That same summer I had an awesome opportunity to work for Dian Woodward and Christoph Schork in Moab, Utah at Global Endurance Training Center. I spent close to 2 months out in the desert riding endurance horses and crewing at rides, even getting the opportunity to crew for Christoph and his friends at Tevis Cup in 2012. Dian taught me a lot about breeding, genetics, feeding, etc and even let me cover one of her mares with their stallion before I left (what a rush!). Christoph taught me a lot about trimming and booting, so much in fact that I now trim and boot my own horses with confidence. There are too many memories and friendships that I made out there to describe in a short story, but all I can say is that I would go back in a heartbeat. 

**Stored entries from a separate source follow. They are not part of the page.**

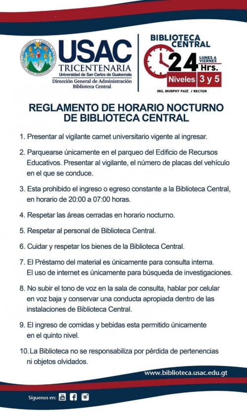 El material a consultar solo se podrá utilizar en el recinto y el consumo de alimentos está permitido únicamente en el área del quinto nivel.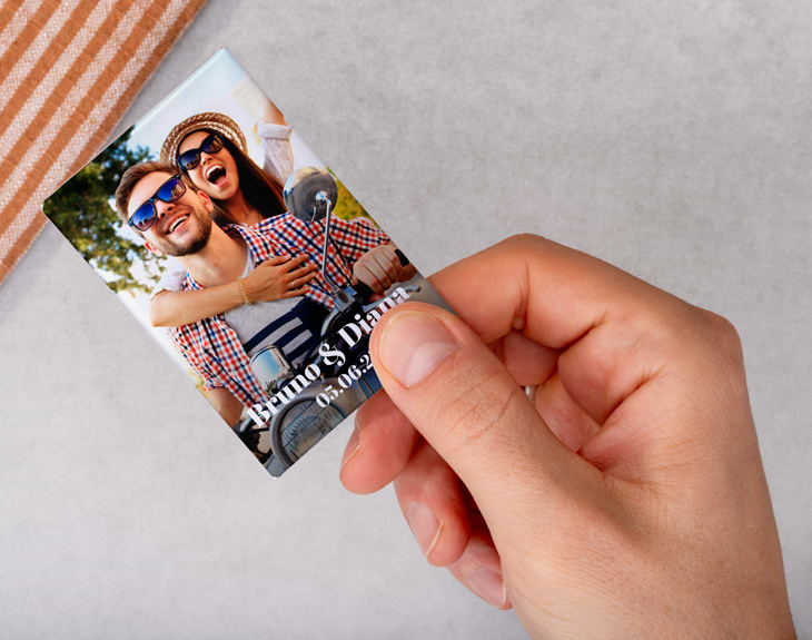 ¿Quieres tener un bonito recuerdo del día de tu boda con tu pareja, junto con la fecha de ese momento tan especial y maravilloso? Además, como es algo inolvidable, puedes recordarlo siempre con nuestro imán personalizado con foto para boda. Elige esa foto para que nunca olvides tu día especial, porque cada vez que tomes tu café por la mañana, te sacará una sonrisa. Quedaría genial tener en la nevera una imagen tan bonita de ese día. También podrás regalar este imán tan original a tus invitados como recuerdo de boda personalizado. Además, sus medidas de 6 x 9 cm son perfectas para plasmar tu imagen favorita en este imán rectangular. No pierdas tiempo y añade este producto. Sorprenderás a todos con este regalo de boda original, ideal para recuerdos personalizados y detalles únicos para invitados. Solo tienes que añadirlo al carrito, diseñar, elegir tu foto preferida y la fecha de ese maravilloso día, y listo. Tendrás un detalle precioso tanto para ti como para tus invitados.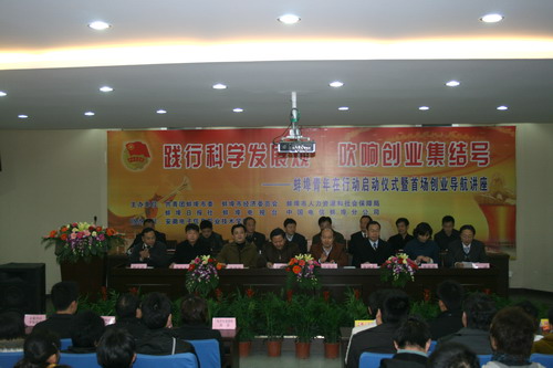 11月15日下午,由团市委等六部门主办、学院协办的“践行科学发展观,吹响创业集结号——蚌埠青年在行动”启动仪式在我院举行。团省委副书记汪华东,蚌埠市领导王勇勇、陈桂林、袁树友,以及学院领导张永生、韩光辉等出席启动仪式。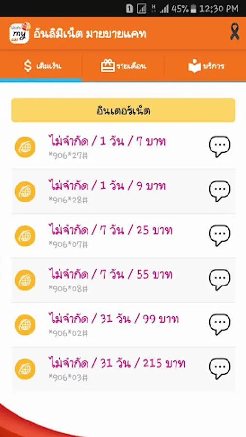 Unliminet my : Application for the hottest internet package promotion of my by CAT. This collection include all unlimited internet and social package such daily, weekly, monthly or any data depend on your lifestyle.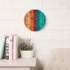 Southwestern Orange Red Turquoise Rainbow Stripes Large Clock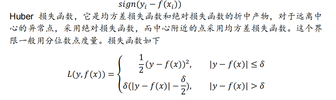 Huber 损失函数,它是均方差损失函数和绝对损失函数的折中产物,对于远离中心的异常点,采用绝对损失函数,而中心附近的点采用均方差损失函数。这个界限一般用分位数点度量。损失函数如下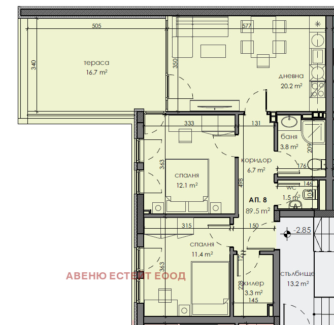 ДИРЕКТНО ОТ СТРОИТЕЛЯ, БЕЗ КОМИСИОННИ ОТ КУПУВАЧА. Нов проект, Тристаен апартамент в нова сграда. Разпределение: дневна с кухненски бокс, 2 спални, коридор, килер, баня с тоалетна, тоалет, тераса. В близост има автобусна спирка, паркова зона, училище, детски градини, магазини, болница. Отличната транспортна връзка ви позволява да стигнете до всяка точка на града. Обща площ на апартамента е 114,95 кв.м. Има различни схеми за плащане. Отделно можете да закупите паркомясто.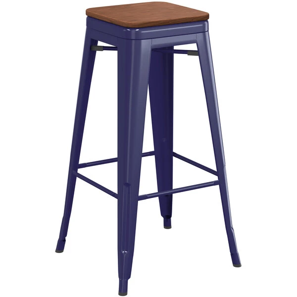 LT&S Alloy Series Lancaster Table & Seating Alloy Series Navy Stackable Metal Indoor Industrial Barstool With Walnut Wood Seat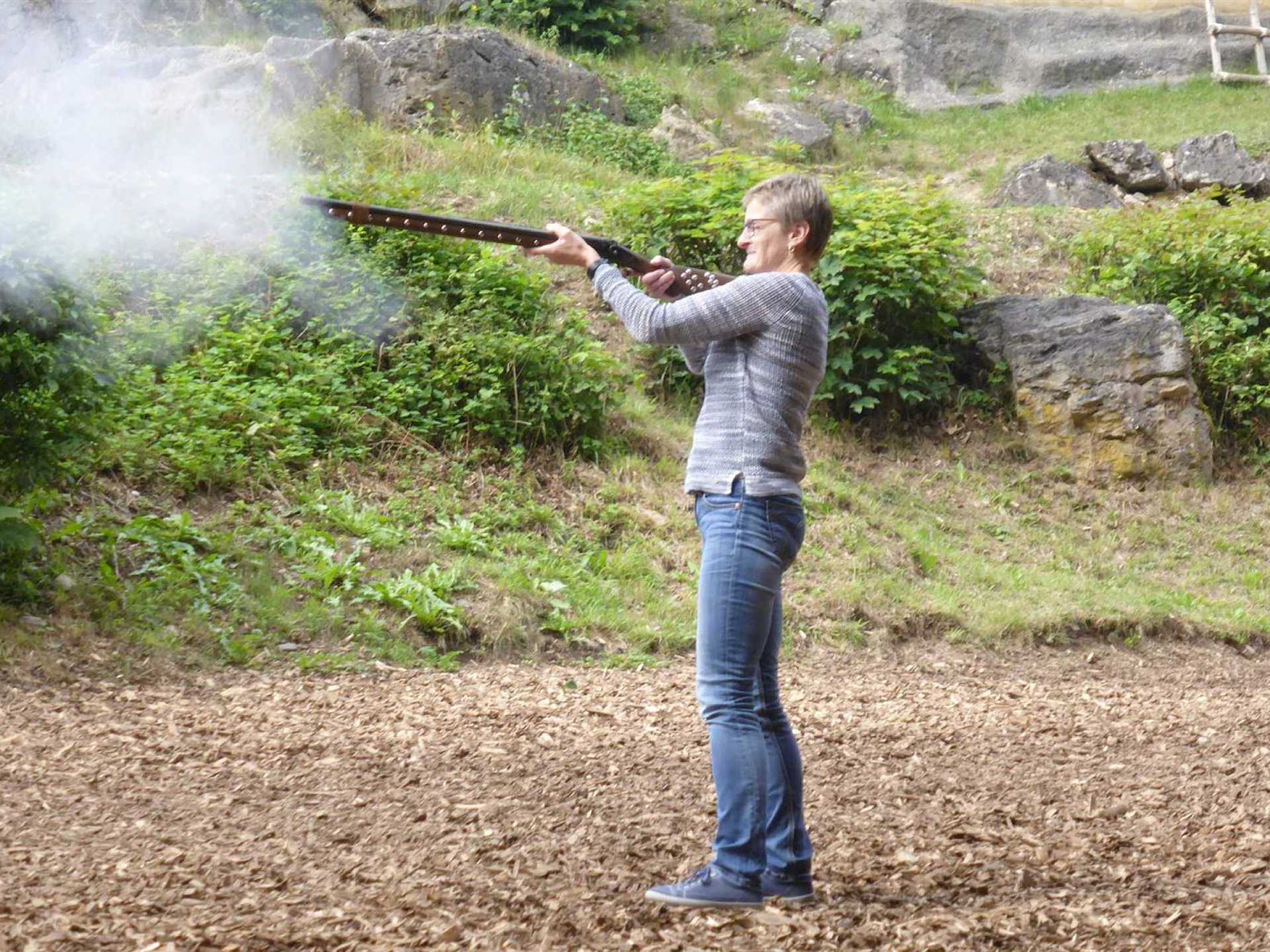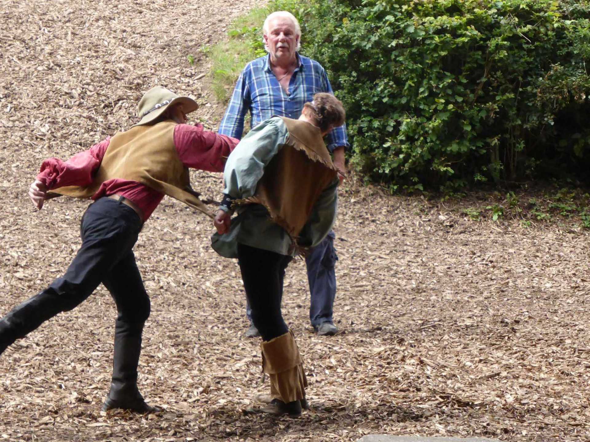 Stunts und pyrotechnische Effekte wurden erläutert und anschließend mit Teilnehmern demonstriert. Im Anschluss daran konnten alle bei herrlichem Wetter Vorführungen der Falknerei erleben.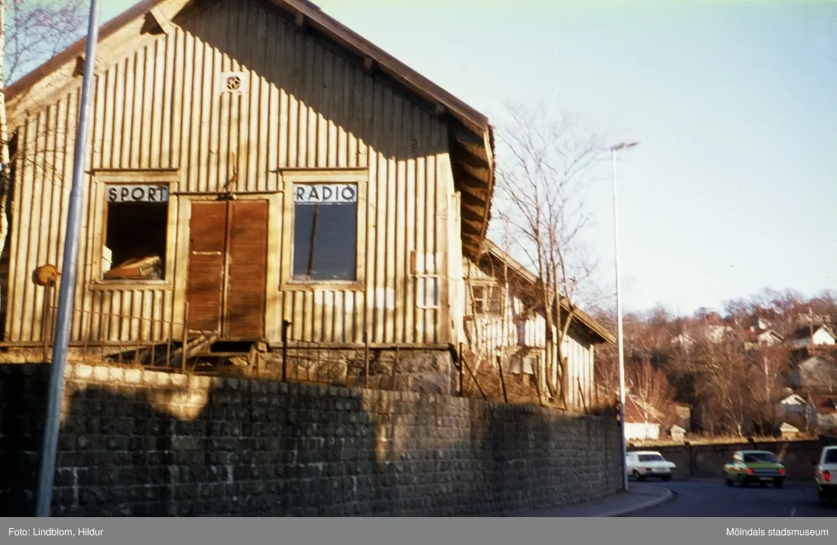 Kvarnbygatan 29, Mölndal gamla rådhus, rådstugan ("råsstu´n") i Mölndal, 1970-tal. Uppfört 1832, sedermera cykelaffär. Bakom huset ses även liten del av gaveln till huset Kvarnbygatan 31.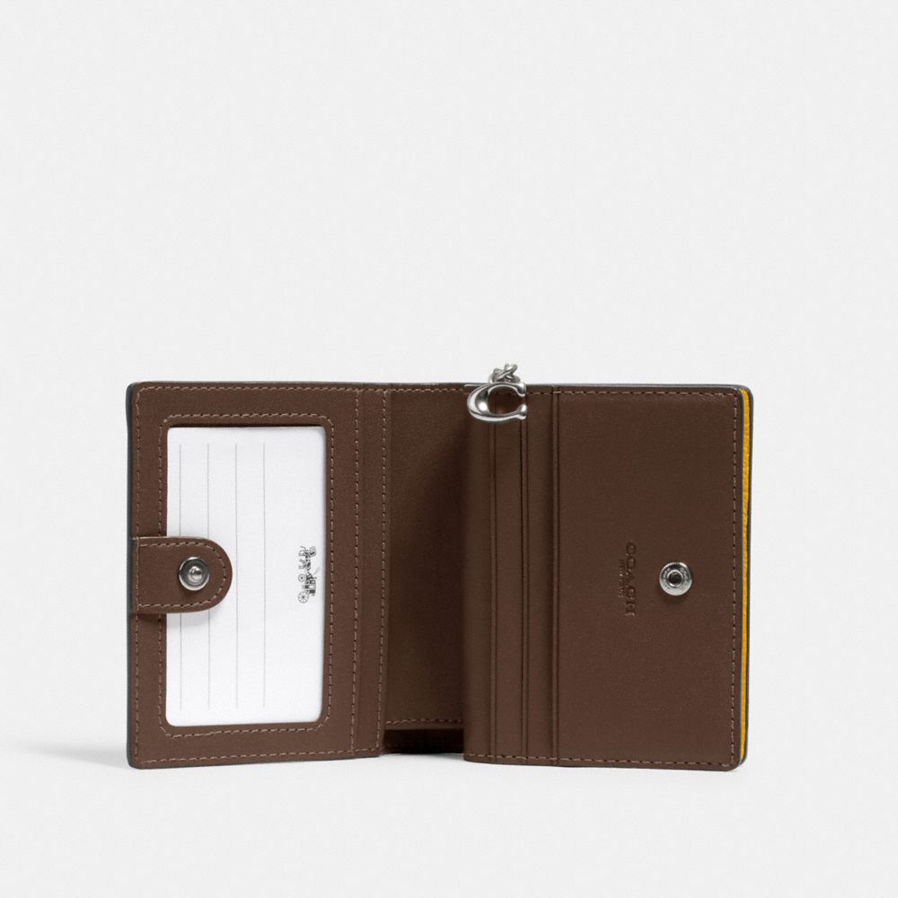 Refined pebble leather| Three credit card slots| ID window| Full-length bill compartment| Snap closure| Outside zip coin pocket| 4 1/4" (L) x 3 1/2" (H) x 1" (W)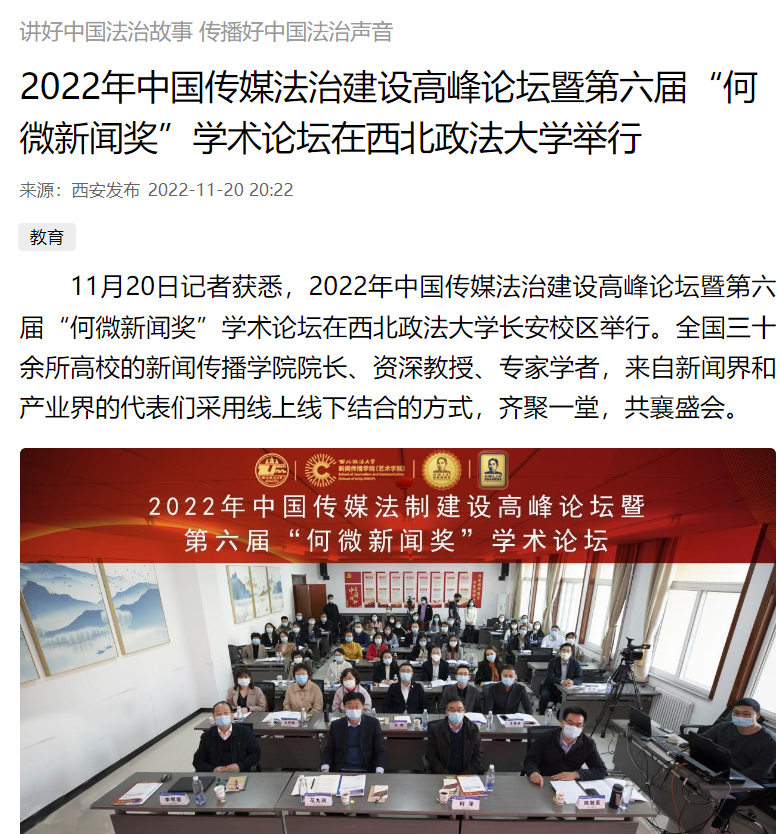 11月20日记者获悉,2022年中国传媒法治建设高峰论坛暨第六届“何微新闻奖”学术论坛在ac米兰官网中文网站长安校区举行。全国三十余所高校的新闻传播学院院长、资深教授、专家学者,来自新闻界和产业界的代表们采用线上线下结合的方式,齐聚一堂,共襄盛会。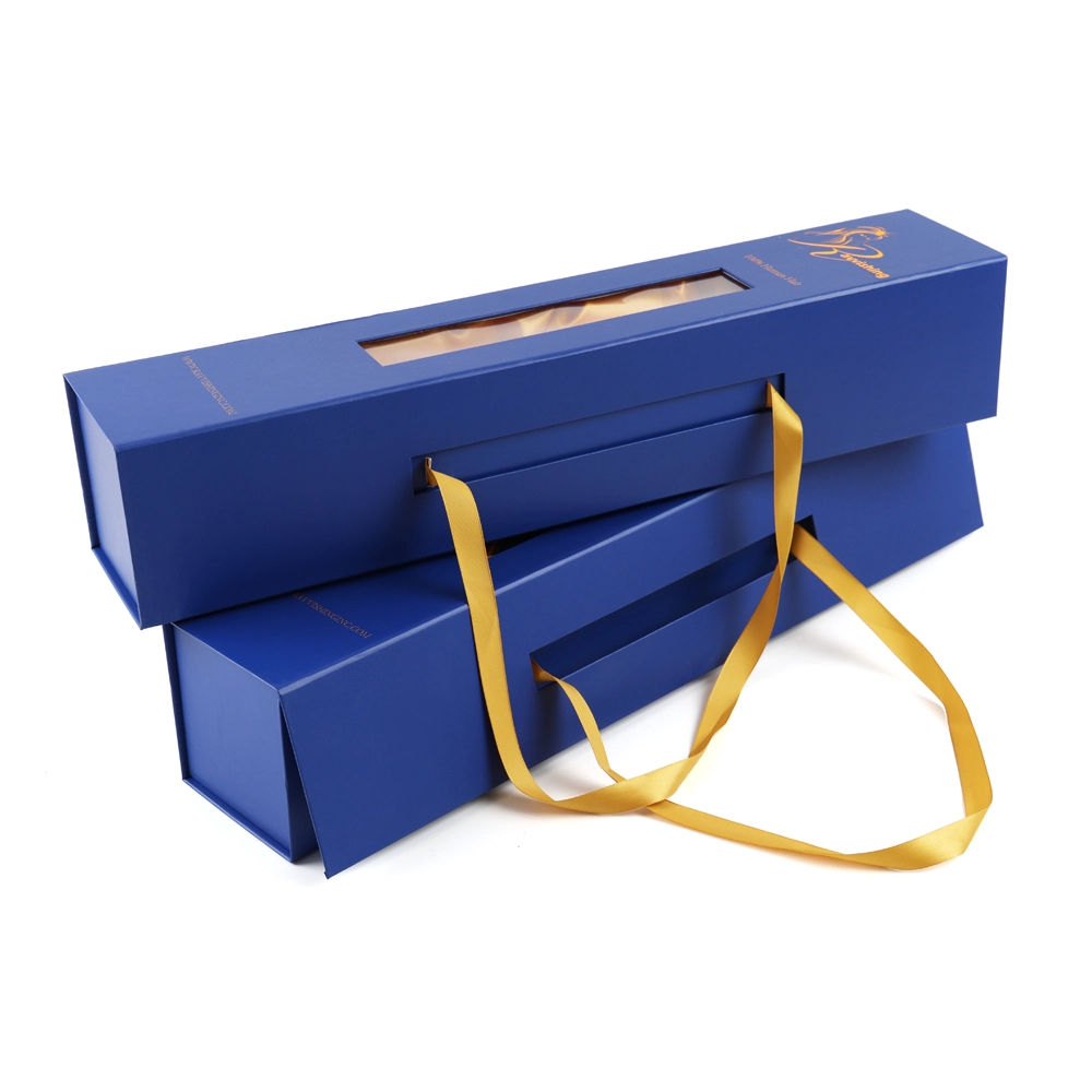 Firstly, it uses cardboard with a thickness of 2-3mm, which is very sturdy and will not easily break even after impact. Secondly, it is a gift box with a window. The transparent PVC window allows both merchants and customers to easily distinguish the product style. The box is a foldable magnetic gift box design, which not only saves shipping space and freight, but also facilitates storage. It is also very easy to operate.

Riding along the ridge (Moab, Utah)








Road Trip!








Christoph teaching me to glue on Easyboots








Scribing for the vets








Crewing at Tevis








Christoph & Dian








After selling Mag I took my time searching for my next endurance partner. My confidence was boosted by my trip to Moab, riding some pretty hot and unpredictable horses helped me find my fire again :wink: I searched and searched and turned down SO many horses it was depressing. At the near end of my search, just when I was about to give up, I found Selena. Now, if you couldn't tell by my previous horses, I am really not a mare person...but there was just something about Selena that told me she was the one. She was sassy and didn't trust anyone...unless you had food...then she would be sweet enough to come get it from you and then run :lol: I bought this little mare for $800 and prayed that I wasn't making a mistake. The day I went to get her it took us over 2 hours to get her on the trailer...eventually having to blindfold her to get her loaded...dear lord :shock: The first few months were a little rocky for us, she had to learn to trust me and I the same. After our initially bond I have never felt unsafe with her...she is solid, kind, loyal, and oh so forgiving. I took her to our first 15 mile CTR together in April (the same one I did with Taz) and she surprised me by taking 2nd place with a score of 97/100! Our second 15 mile CTR in June she took home 1st place with an almost perfect score of 99/100. I cried and cried and cried out of pure happiness. Yes, I know only 15 miles...but to me it was so much more than that...it was conformation that I had found my partner. We then attempted our first LD in October and Selena once again took my breath away and placed 1st out of 20 riders with a time of 3 hours and 38 minutes. Words can't describe how much I love this mare. The saddest part is that about a month ago I found out about her past from her original owner/breeder. Turns out she was starved almost to death and beaten consistently both over jumps and in her daily environment. Her owner states that she came off the trailer back to her home as a rack of bones with swollen welts all over her body from being whipped. I cried that day too...how could this mare ever be a part of something so awful, yet have the courage to forgive and trust a complete stranger? Horses are amazing...and Selena was truly a diamond in the rough for which I am grateful to have found. Last year we covered 468.09 trail miles and this year I hope to do the same. Hoping to do a couple more LDs and then maybe attempting a slow 50...then I can call myself a true endurance rider :wink:

Selena!








OH! AND I ALMOST FORGOT!
This is my newest edition to my endurance addiction...my 3 month old filly Velencia (aka Vee). She was bred by my uncle and grandmother who live in KY and I'm headed to pick her up in March! Trying not to jinx myself...but I'm hoping she might be my future Tevis horse


----------



## phantomhorse13

Weather finally cooperated to be able to get out. Ground is still frozen solid though, as temps still haven't gotten above freezing. Rather scary when 27F seems warm (but I guess compared to -50F, it is)! 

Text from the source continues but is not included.